# Frame Tube Dent Removal



## GiovanniLiCalsi (Feb 19, 2021)




----------



## GiovanniLiCalsi (Feb 19, 2021)

I like the stud welder and slide hammer tool method, then using low temperature 50-50 lead-free solder to fill the low spots.


----------



## GTs58 (Feb 19, 2021)

GiovanniLiCalsi said:


> I like the stud welder and slide hammer tool method, then using low temperature 50-50 lead-free solder to fill the low spots.




These are basically for sheet metal panels so I wonder how well they would do on a dent in bike tubing. No access to the inside of the dent on tubing so it would be nice if these would work.


----------



## 49autocycledeluxe (Feb 19, 2021)

pretty good crease in the frame in the first video. guy has all the tools but bending metal does not appear to be his field of expertise. putting heat when he used the hammer was completely unneeded,  I'd use the wood block and the hammer to fix that dent. it would be difficult if not impossible to get that crease out 100% without the stud welder/slide hammer, but he could have got it closer if he tried. 

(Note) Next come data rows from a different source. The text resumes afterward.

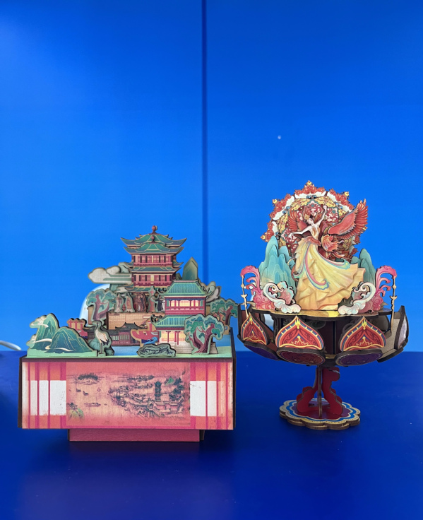 三件作品均根植于湖北地域文化,注重传统与现代的有机结合。“江汉揽胜图书立”以明代名画《江汉揽胜图》为灵感,通过木质立体书立的形式,再现武汉历史景观;“凤舞音乐盒”源于2025年央视春晚“武汉六分钟”节目相关设计,融入楚风意象;“云梦风景盒”则以云梦睡虎地秦简为文化原点,融合梦泽山水与地域建筑元素,将历史底蕴转化为具有现代美感的文创摆件。其中,“云梦风景盒”曾获首届“汉字文化周·楚天杯”全国大学生汉字文化创意设计大赛二等奖。
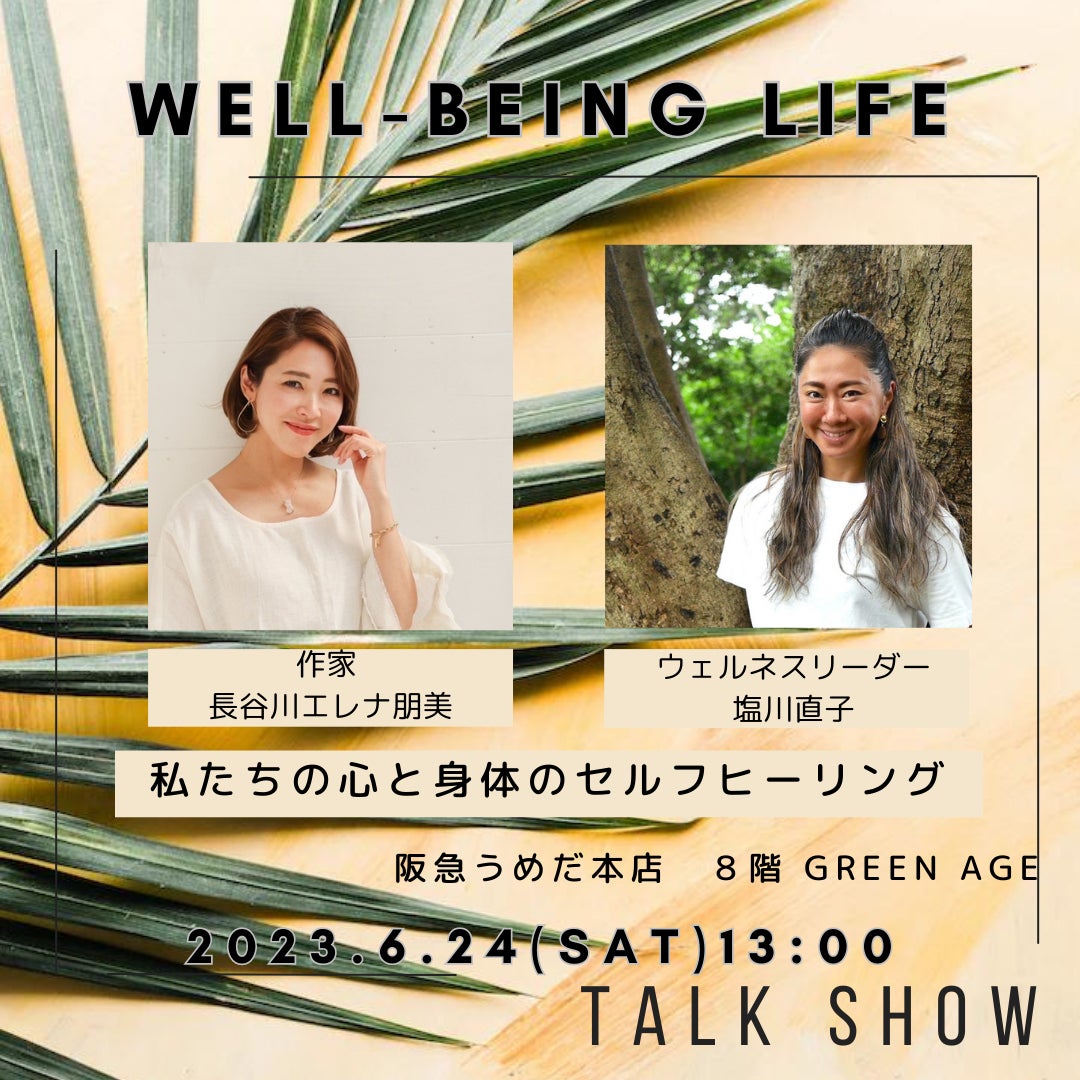 作家 長谷川エレナ朋美と、ウェルネスリーダー塩川直子の心と体のセルフヒーリングをトークショーでTIPSをお話します。参加いただいたお客様の心と体の健康やセルフケア、日々の豊さにつながるお話をいたします。
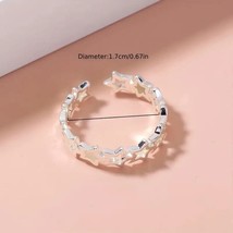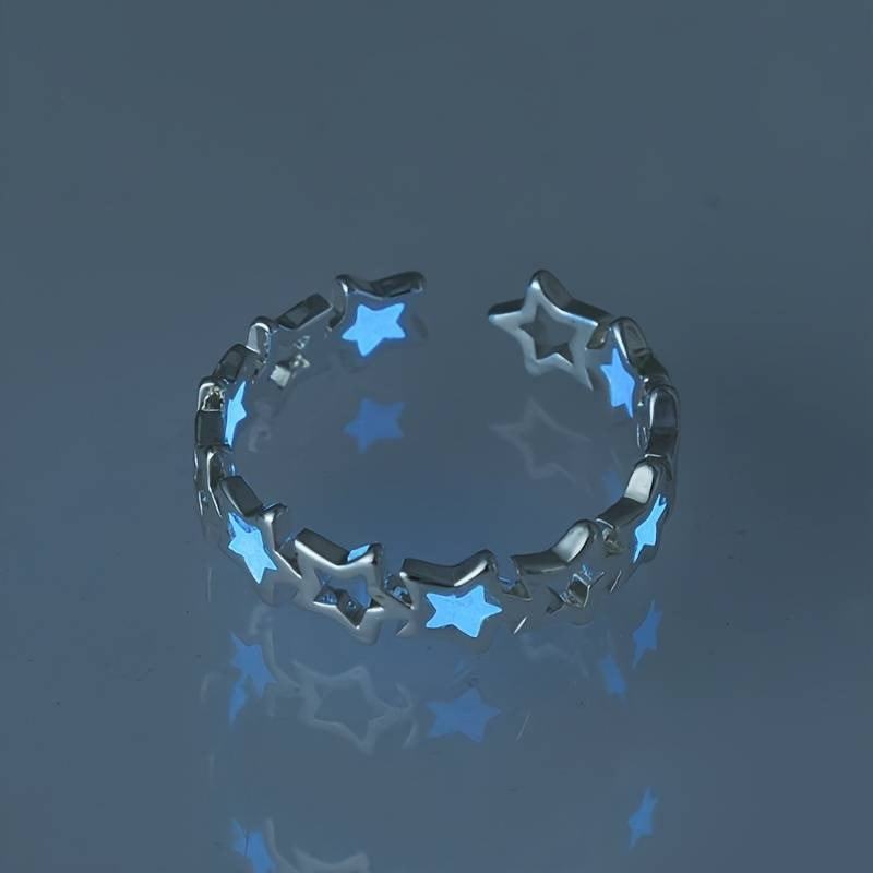 Shine bright day or night with this magical glow-in-the-dark star ring! Crafted with a silver-tone finish, this adjustable open band features a continuous row of star cutouts filled with luminous material that charges in the light and glows in the dark. With a 1.7 cm (0.67 inch) diameter and a flexible fit, this celestial accessory is perfect for any finger size. Whether you're a stargazer, a fan of dainty aesthetic jewelry, or looking for a unique gift, this ring adds a dreamy sparkle to any look.
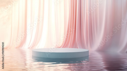 A serene stage surrounded by flowing fabric and water, evoking tranquility.
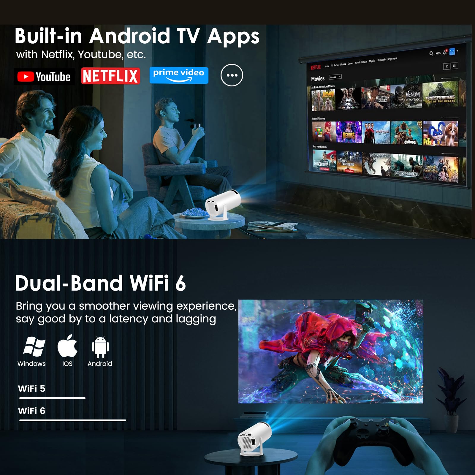 【Netflix Included/Dolby Audio】Smart 4K Projector,1200ANSI FHD 1080P Portable Projector,HDR10 Short Throw Auto Focus/Keystone WiFi6 Bluetooth 50% Zoom Home Cinema Projectors for Bedroom,Outdoor,Gifts
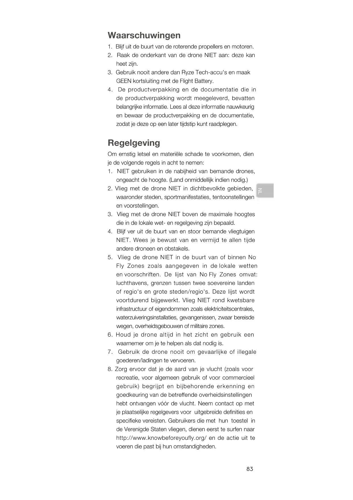 VERSCHILLEN. Ryze Tech aanvaardt geen aansprakelijkheid voor schade, letsel of enige wettelijke verantwoordelijkheid die direct of indirect voortkomt uit het gebruik van dit product. De gebruiker neemt veilig en legaal gebruik in acht, inclusief, maar niet beperkt tot wat in deze veiligheidsvoorschriften uiteen is gezet. Je bent zelf verantwoordelijk voor je eigen gedrag wanneer je met een Tello-drone vliegt.83
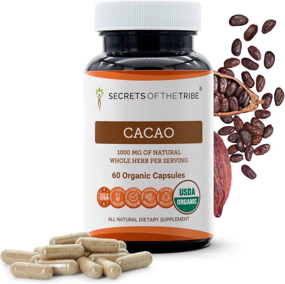 Secrets of the Tribe Cacao 60 Capsules, 1000 mg, USDA Organic Cacao (Theobroma Cacao) Dried Raw Beans (60 Capsules)
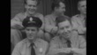 POV through barred window of prison yard at Rahway State Prison (later East Jersey State Prison) / damage to side of locker unit in inmate dormitory / VS journalist and prison official examine piece of pipe used during riot at the prison as they crouch near a pile of debris inside the dormitory / VS debris including sink, the shell of a guitar, clothing on floor / VS broken windows / tilt-up shot through metal of window frame to upper level of dorm / photographs in a small pile on the floor / damaged radiator unit next to window filled with broken glass panes / LS down INT dormitory shows destruction: bed frames, books and clothing and furniture strewn about, journalist and man standing amidst the wreckage / VS INT with debris / a grille of some sort with some ash nearby, and buckets standing in the area; tilt up charred portion of cinderblock wall / VS interior another area of dormitory, with sheets on windows, bedframes intact, boxes and items on bedframes / VS debris and men walking through dorm / boxes, bundles of debris (presumably cleanup activities) / INT the less-damaged portion of the dorm, with sheets on windows fluttering in breeze / CU broken panes of glass / LS down wrecked dormitory; pan to other side / eight released guards, who had been held hostage, sit on steps outside prison door as photographers in foreground take shots / pan the group of hostages, which includes one African-American man
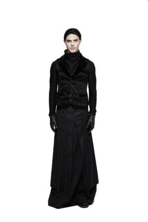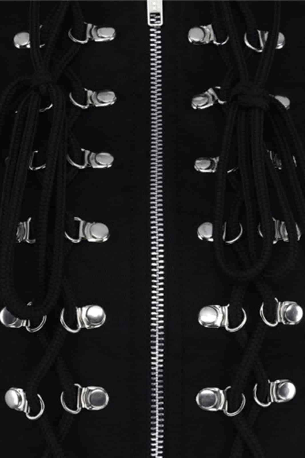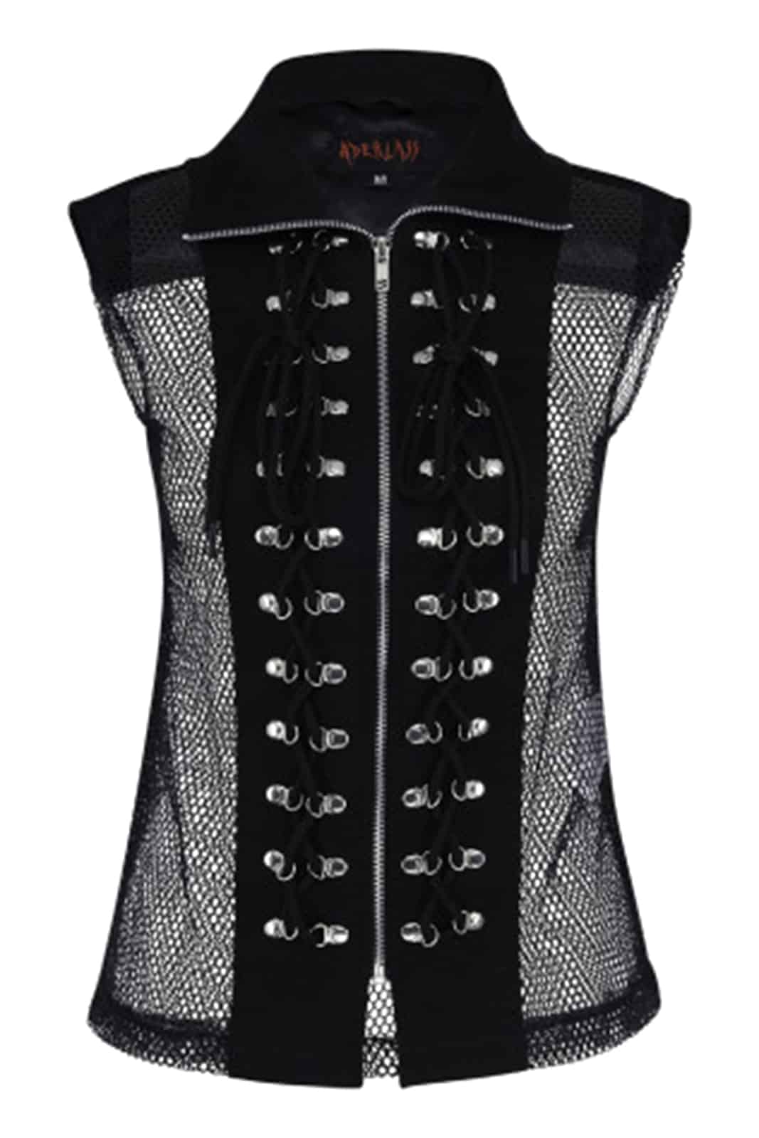 Klassisch geschnittene Herrenweste aus grobmaschigem Netzmaterial mit blickdichtem Frontpanel und Zierschnürung. Mittig verläuft ein durchgehender Reißverschluß.Mit kurzem Stehkragen und Aderlass-Logo im Nacken.

the stud welder guy is not very good with metal, but he is a collision guy, not a craftsman. he does show how they work though.  

as for using a stud welder on a vintage bike frame those studs stick pretty good, if you hold the trigger too long you will burn a hole even in thicker vintage automotive sheet metal, with the thicker steel of a bike frame you could get a stud to stick good enough to use the slide hammer to pull it out. I could fix that dent in the frame with no filler at all and it would be easier on a thick vintage bike frame than the butted tubing of the one he is fixing.


----------



## GiovanniLiCalsi (Feb 19, 2021)

If you have a dent in the seat tube, you can use a rifle barrel expander tool.
I spoke with Paul and he might try the stud spot welder. His replicated 1888 Whippet bicycle is very impressive.


----------



## Rivnut (Feb 21, 2021)

I think in the original video, the guy was working on an aluminum frame.  Probably a lot easier than trying to do this to an old heavy gauge steel frame.


----------



## David Brown (Feb 21, 2021)

The frame Paul is working with is not Aluminum. Rocky mountain bikes where not aluminum. The man is an artist in my book.One of the best . Just look at some of his u tube video.s  to see what he has built . Just my take


----------



## Rivnut (Feb 22, 2021)

The way he was handling that frame, the frame looked like it didn’t weigh much.


----------



## bricycle (Feb 22, 2021)

Little dents/dimples (no creases) can be taken out of steel when heated to orange with a torch usually.


----------